In reality they remain wedded to the basic tenets of Islamic State: strict Sharia law, a caliphate and on-going war against anyone deemed to be an enemy.

The authenticity of the latest documents is impossible to verify, but all previous leaks of material funnelled through this group have proved to be genuine.

The new documents are copies of handwritten orders sent from Islamic State's headquarters.

One document requests safe passage for a driver through IS checkpoints "until he reaches the border with the Syrian regime to exchange oil for fertiliser".

The defectors claim that this is a trade agreement between the two sides that has been going on for years.

Another letter contains instructions for a commander to "transfer all equipment and weapons to the agreed evacuation point. We have received intelligence that al Qasr and its surroundings will be bombed on 24th November, 2013".

The defectors claim this was a withdrawal agreed between Syria and Islamic State.

The most interesting document was written shortly before the Syrian army recaptured the ancient city of Palmyra, after months of occupation by IS.

"Withdraw all heavy artillery and anti-aircraft machine guns from in and around Palmyra to Raqqa province," the document says.

I asked one of the defectors if Islamic State was coordinating movement of its fighters and leaving areas they previously controlled, in direct coordination with the Syrian army and even the Russian airforce.

His answer was simple. "Of course," he said.

Terror experts asked to analyse the documents say they show this is arguably the most complicated war they have ever tried to make sense of.

"This is a war of perception and narrative and everyone is trying to manipulate events," said Dr Afzal Ashraf from the think tank Royal United Services Institute.

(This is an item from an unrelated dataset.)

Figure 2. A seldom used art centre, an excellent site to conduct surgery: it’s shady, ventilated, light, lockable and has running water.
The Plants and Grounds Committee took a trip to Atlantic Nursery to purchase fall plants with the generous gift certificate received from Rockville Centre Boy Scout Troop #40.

"It may take 20 years before what we know exactly what is going on," he added. "Almost certainly there will be some sort of communication going on between mortal enemies, and that is for short term tactical gains and losses.

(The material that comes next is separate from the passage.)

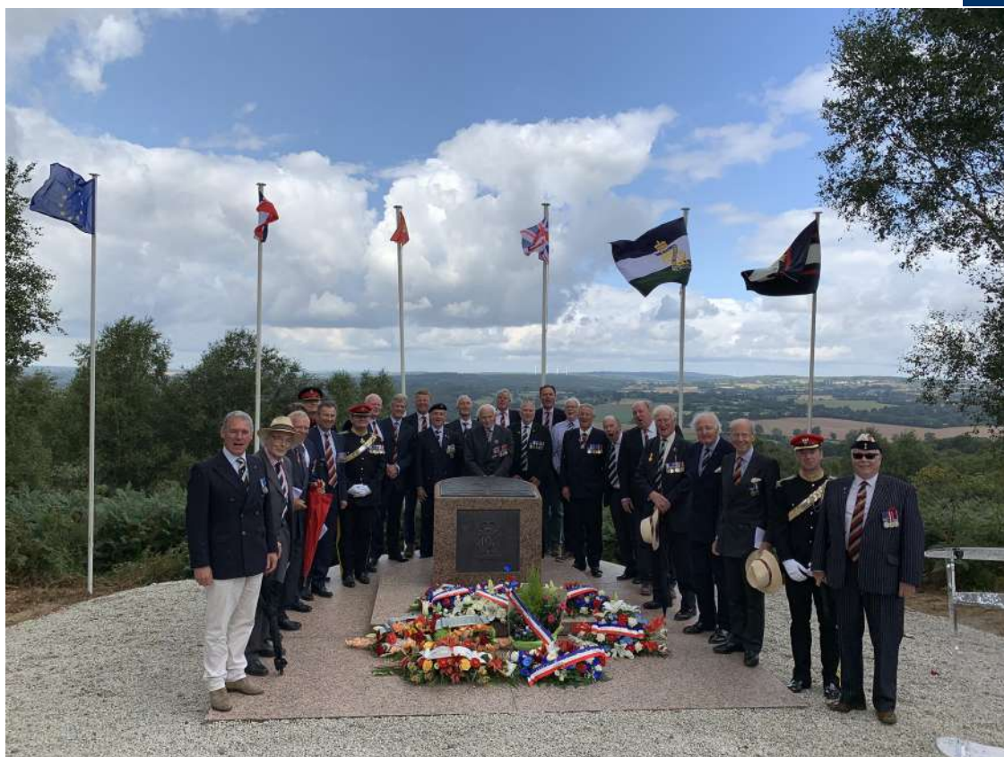
Association members attend the Mont Pincon service 7 August 2020

"Certainly if there is economic trading going on, which we know there is, there would be communication."

But defectors and civilians contacted by Sky News over many months all maintain there is not just communication but widespread collusion between the various warring factions, as well as the Syrian and Iraqi governments.

The United States has been particularly exasperated at air assaults by Syria’s ally Russia on groups the Americans have helped fund and train.

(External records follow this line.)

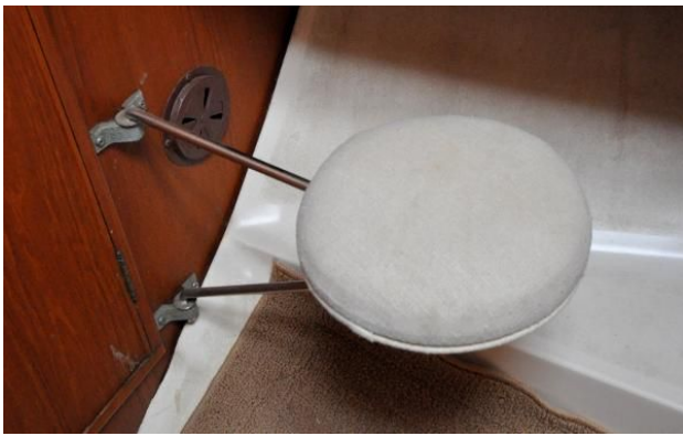
Nonsuch 36 - nee Duette - Master Cabin Vanity Swing Seat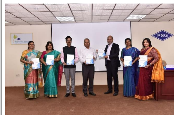
Release of the Conference Proceedings (Abstracts)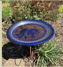
CLEAN OUT EVERY FEW WEEKS!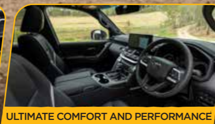
ULTIMATE COMFORT AND PERFORMANCE

Any evidence there is collusion with America's number one target, Islamic State, will test relations between the US and Russia even more.

Our analysis of all the Islamic State files has revealed the organisation needs to maintain its caliphate in part to give it the room to train foreign jihadists to carry out attacks in Europe and further afield.

Al Qaeda needed first Sudan, and then Afghanistan, for exactly the same purpose. In doing so, it co-opted failed and ungoverned areas to use for its own training and development.

What the files reveal is that IS’s training programme and exporting of terror has not just been going on for months, but for years - for much longer than Western security services were aware of.

Indeed, they suggest that a programme of coordinated attacks on Western countries was one of the original building blocks of Islamic State.

Some of the documents, also from Islamic State's headquarters, are orders for a terrorist cell travelling out of Syria and dated November 2014.

They request fighters divide into groups of four as part of an operation codenamed "Break the siege".

The operation involved travelling over the Syrian border and deploying to "Infidel countries".

Another set of papers, dated a month later, confirm the groups have reached their "Specialised Areas".

One defector Sky News spoke to said Europe is the target of "Break the siege".

The order is addressed to Abu Mohammed al Shamali. His name appears in our files nearly 400 times and he is often linked to jihadists from northern Europe. The United States has put a $5m bounty on his head.

Islamic State wants to maintain and expand its caliphate across historical Muslim lands while attacking and provoking a war with the West, and dividing societies.

It is a long term plan, the details of which we are only just learning.